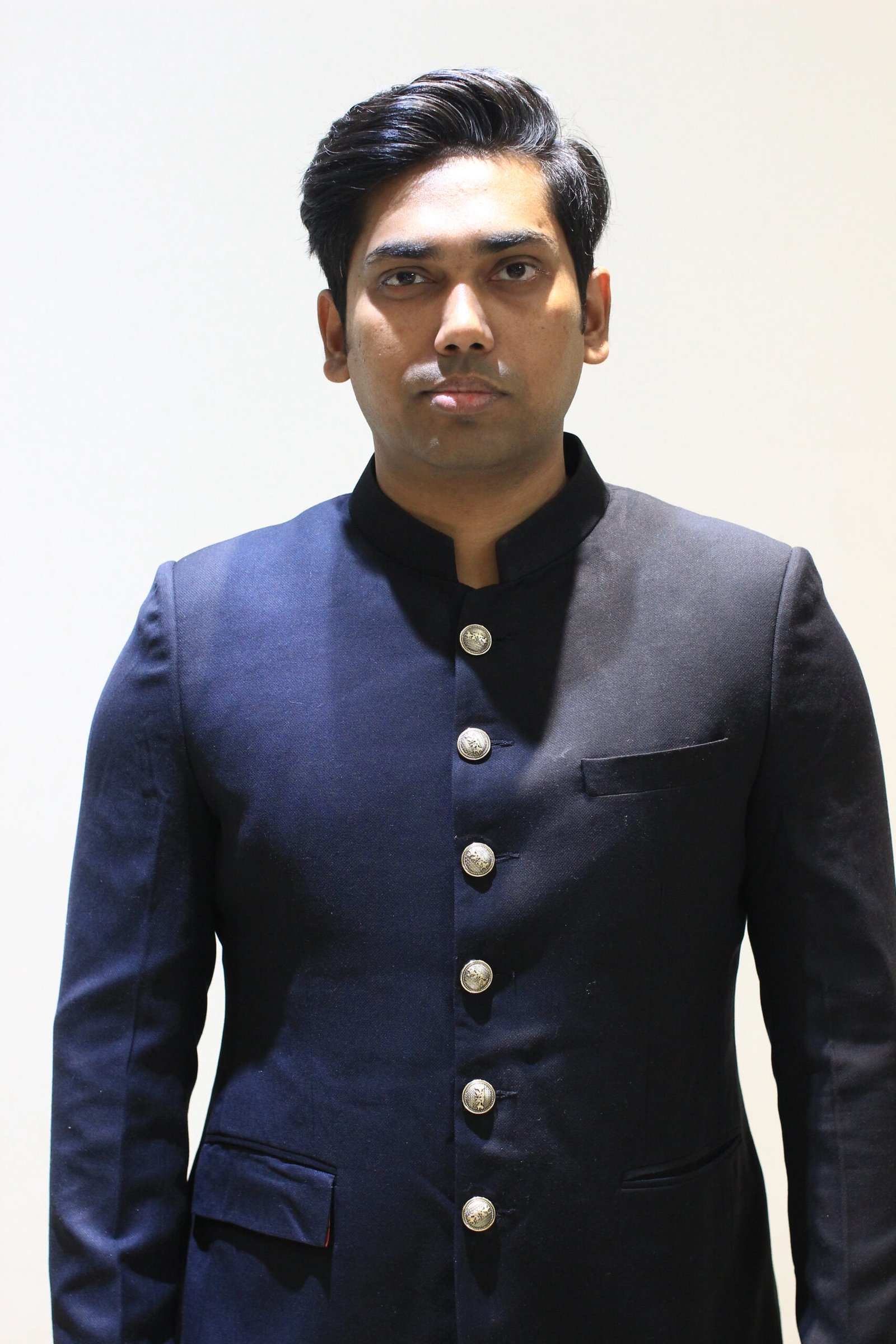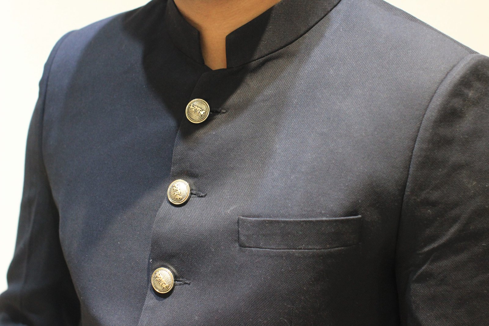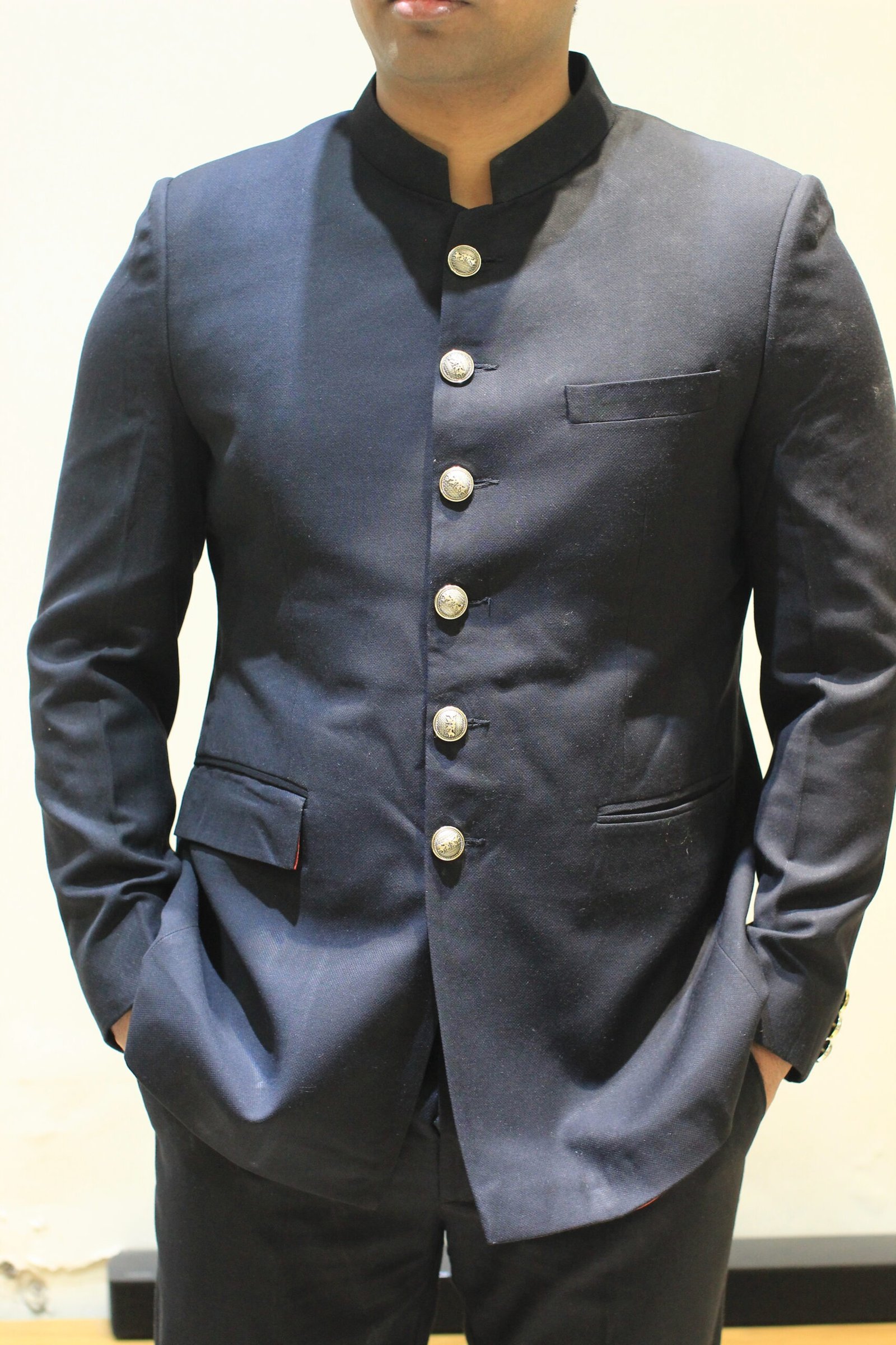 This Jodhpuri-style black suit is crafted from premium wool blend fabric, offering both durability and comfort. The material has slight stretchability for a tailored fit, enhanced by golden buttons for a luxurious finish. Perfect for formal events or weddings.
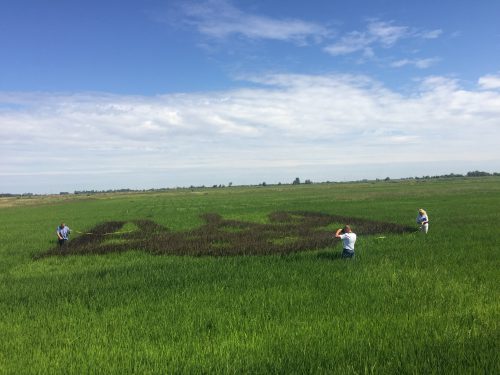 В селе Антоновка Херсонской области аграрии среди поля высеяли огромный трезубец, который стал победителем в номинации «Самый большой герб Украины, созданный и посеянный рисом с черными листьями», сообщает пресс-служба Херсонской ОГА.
--
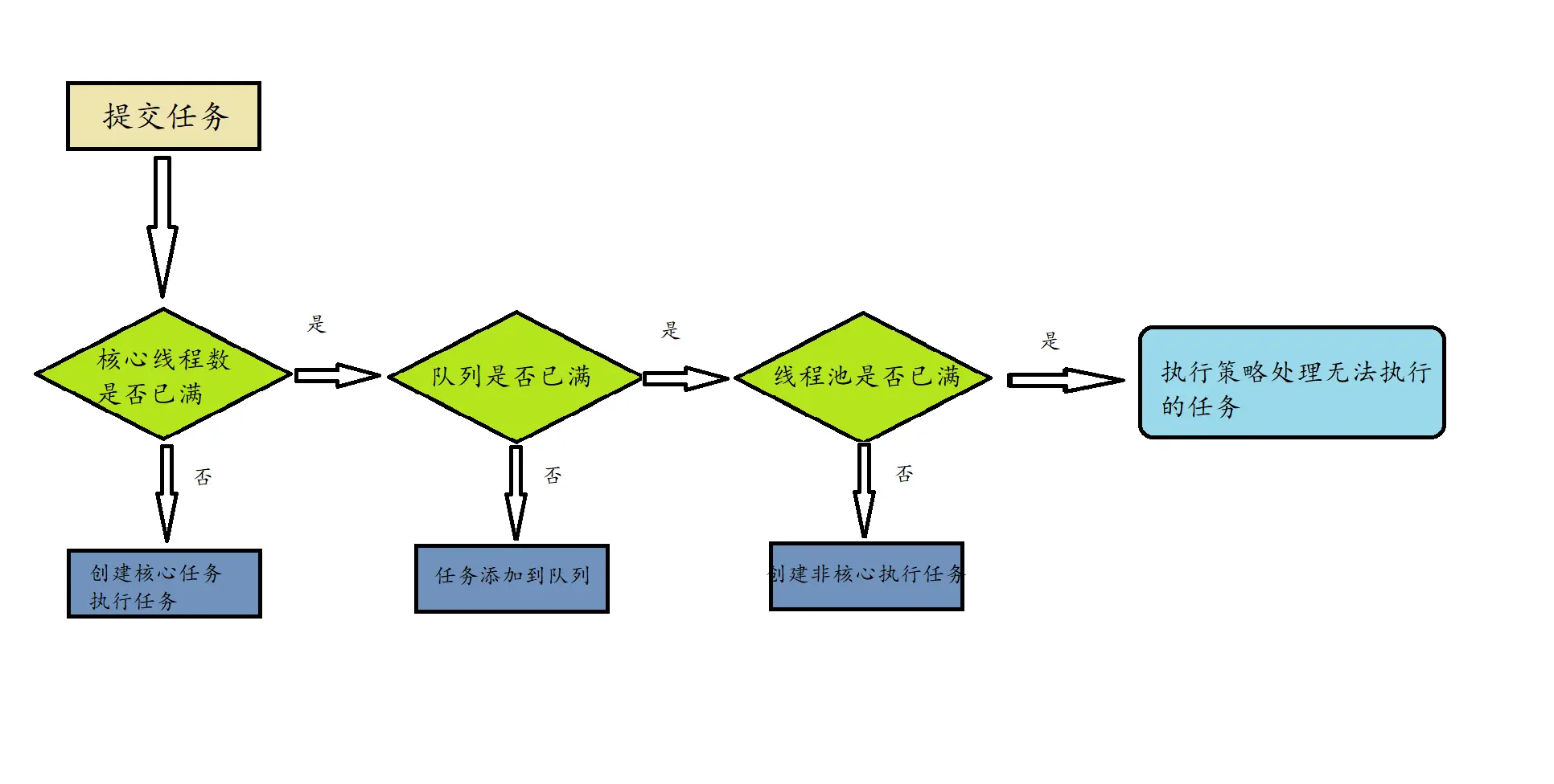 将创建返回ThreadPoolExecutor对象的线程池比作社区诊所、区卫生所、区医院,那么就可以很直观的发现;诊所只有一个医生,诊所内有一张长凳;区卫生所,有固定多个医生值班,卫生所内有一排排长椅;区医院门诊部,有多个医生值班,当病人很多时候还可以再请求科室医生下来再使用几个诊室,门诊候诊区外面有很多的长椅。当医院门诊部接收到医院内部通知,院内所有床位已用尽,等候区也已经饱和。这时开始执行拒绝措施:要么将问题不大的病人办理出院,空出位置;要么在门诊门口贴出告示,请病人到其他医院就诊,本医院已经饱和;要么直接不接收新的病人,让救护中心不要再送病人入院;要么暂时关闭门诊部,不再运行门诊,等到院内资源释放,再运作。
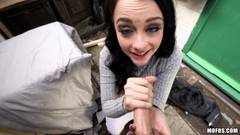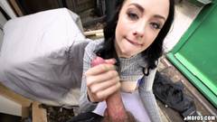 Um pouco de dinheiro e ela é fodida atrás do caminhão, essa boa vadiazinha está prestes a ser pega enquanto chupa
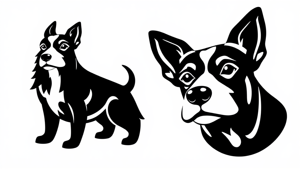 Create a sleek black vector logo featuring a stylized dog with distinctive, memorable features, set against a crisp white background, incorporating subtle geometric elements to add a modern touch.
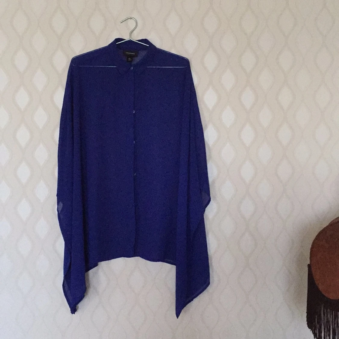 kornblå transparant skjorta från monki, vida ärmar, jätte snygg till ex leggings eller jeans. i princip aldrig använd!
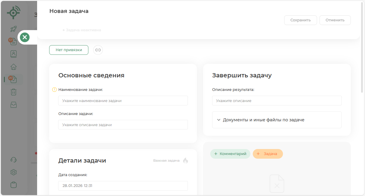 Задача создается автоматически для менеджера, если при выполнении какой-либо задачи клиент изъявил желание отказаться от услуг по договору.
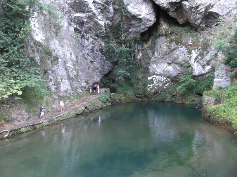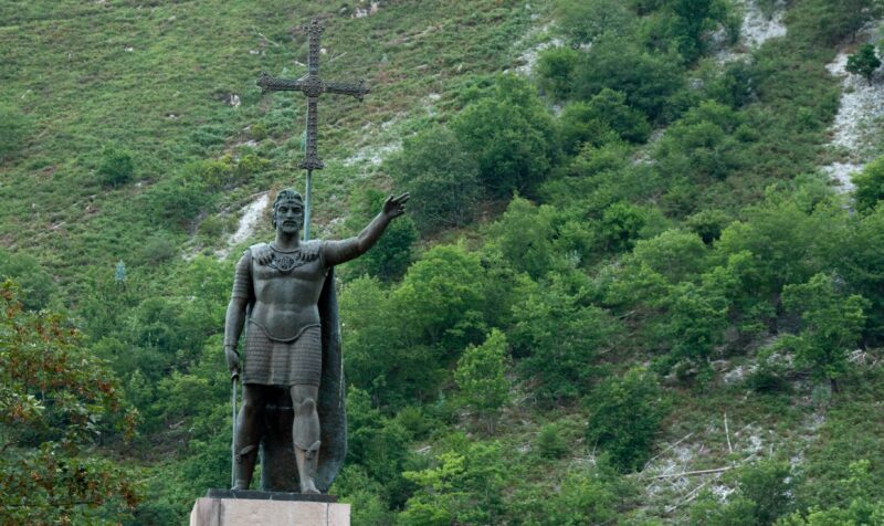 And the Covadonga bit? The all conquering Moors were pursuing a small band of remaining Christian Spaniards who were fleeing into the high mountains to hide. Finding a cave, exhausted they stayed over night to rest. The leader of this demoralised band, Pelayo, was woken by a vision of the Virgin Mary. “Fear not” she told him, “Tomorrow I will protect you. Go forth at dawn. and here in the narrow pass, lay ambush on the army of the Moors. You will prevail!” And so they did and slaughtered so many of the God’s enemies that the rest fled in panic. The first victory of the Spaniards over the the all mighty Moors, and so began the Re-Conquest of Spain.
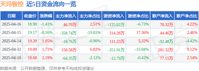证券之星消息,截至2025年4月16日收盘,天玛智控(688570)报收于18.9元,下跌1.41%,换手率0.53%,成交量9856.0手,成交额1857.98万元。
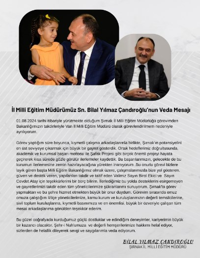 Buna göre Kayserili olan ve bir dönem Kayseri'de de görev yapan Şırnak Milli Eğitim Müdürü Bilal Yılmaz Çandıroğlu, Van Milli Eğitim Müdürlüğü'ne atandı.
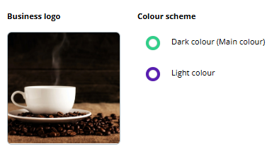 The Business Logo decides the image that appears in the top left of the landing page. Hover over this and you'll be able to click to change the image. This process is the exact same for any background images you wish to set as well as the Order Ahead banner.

* [TASK TO CARRY OUT]
Write out the lines above from the one with "kornblå transparant skjorta" through the one with "The Business Logo", ends included, exactly; no picture goes in.

* [WRITTEN SOLUTION]
 kornblå transparant skjorta från monki, vida ärmar, jätte snygg till ex leggings eller jeans. i princip aldrig använd!
 Задача создается автоматически для менеджера, если при выполнении какой-либо задачи клиент изъявил желание отказаться от услуг по договору.
 And the Covadonga bit? The all conquering Moors were pursuing a small band of remaining Christian Spaniards who were fleeing into the high mountains to hide. Finding a cave, exhausted they stayed over night to rest. The leader of this demoralised band, Pelayo, was woken by a vision of the Virgin Mary. “Fear not” she told him, “Tomorrow I will protect you. Go forth at dawn. and here in the narrow pass, lay ambush on the army of the Moors. You will prevail!” And so they did and slaughtered so many of the God’s enemies that the rest fled in panic. The first victory of the Spaniards over the the all mighty Moors, and so began the Re-Conquest of Spain.
证券之星消息,截至2025年4月16日收盘,天玛智控(688570)报收于18.9元,下跌1.41%,换手率0.53%,成交量9856.0手,成交额1857.98万元。
 Buna göre Kayserili olan ve bir dönem Kayseri'de de görev yapan Şırnak Milli Eğitim Müdürü Bilal Yılmaz Çandıroğlu, Van Milli Eğitim Müdürlüğü'ne atandı.
 The Business Logo decides the image that appears in the top left of the landing page. Hover over this and you'll be able to click to change the image. This process is the exact same for any background images you wish to set as well as the Order Ahead banner.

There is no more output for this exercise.